--- Data section ---
#####

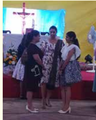
A mother motivating her daughter
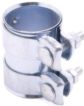
Universal Exhaust Pipe Sleeve Clamp

The overall length of the exhaust centre pipe must not be altered. You may either use a Universal Exhaust Pipe Sleeve Clamp as shown below or make a slip joint.

#####

--- Activity ---
Restate the data above word for word. Skip every picture.

--- Answer space ---
A mother motivating her daughter
Universal Exhaust Pipe Sleeve Clamp

The overall length of the exhaust centre pipe must not be altered. You may either use a Universal Exhaust Pipe Sleeve Clamp as shown below or make a slip joint.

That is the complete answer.